Das fünfte Buch der Psalmen ist ein kraftvoller Ausdruck von Lobpreis und Dankbarkeit – parallel zu Rachegedanken und Verbitterung.
Mit Psalmworten beten viele Christen gerne. Wer allerdings Psalm 137 zu seiner Grundlage macht, etwa in einer Gebetsgemeinschaft – der würde vermutlich unmittelbar im Anschluss zu einem Gespräch mit Pastor oder Kirchenvorstand geladen werden. Aber was würde man ihm erklären? Vielleicht, wie man „politisch korrekt“ betet? Es scheint manchmal, als wären negative Gefühle wie Enttäuschung, Hass oder Zweifel in der Gemeinde tabu. Höchstens im Rückblick wagt man, davon zu berichten.

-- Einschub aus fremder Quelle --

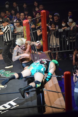 入江HARASHIMAをコーナーに振ってラリアット、コーナーに上る、HARASHIMA下からキック、坂口が入って下からヒザ蹴り(左写真)。

Politisch unkorrekte Gebete
Natürlich gibt es unpassende Momente. Aber: Wäre es nicht auch für uns manchmal angebracht, gemeinsam im Gebet vor Gott zu ringen, vor Gott zu klagen – so wie in Psalm 137? Damals hatten die Babylonier das Reich Juda völlig vernichtet, und die Edomiter als Helfershelfer des Bösen hatten auch noch die Flüchtenden ausgeliefert. Wer sollte da nicht an Rache denken? Wohlgemerkt, es geht in diesem Psalm nicht darum, dass tatsächlich Kinder getötet werden! Sondern hier finden sich Menschen gemeinsam vor Gott ein, um ihren Schmerz über das erlittene Unheil vor ihm auszuschütten. Zu Gott dürfen wir kommen, wie wir sind. Auch unsere dunklen Gefühle sind bei ihm gut aufgehoben.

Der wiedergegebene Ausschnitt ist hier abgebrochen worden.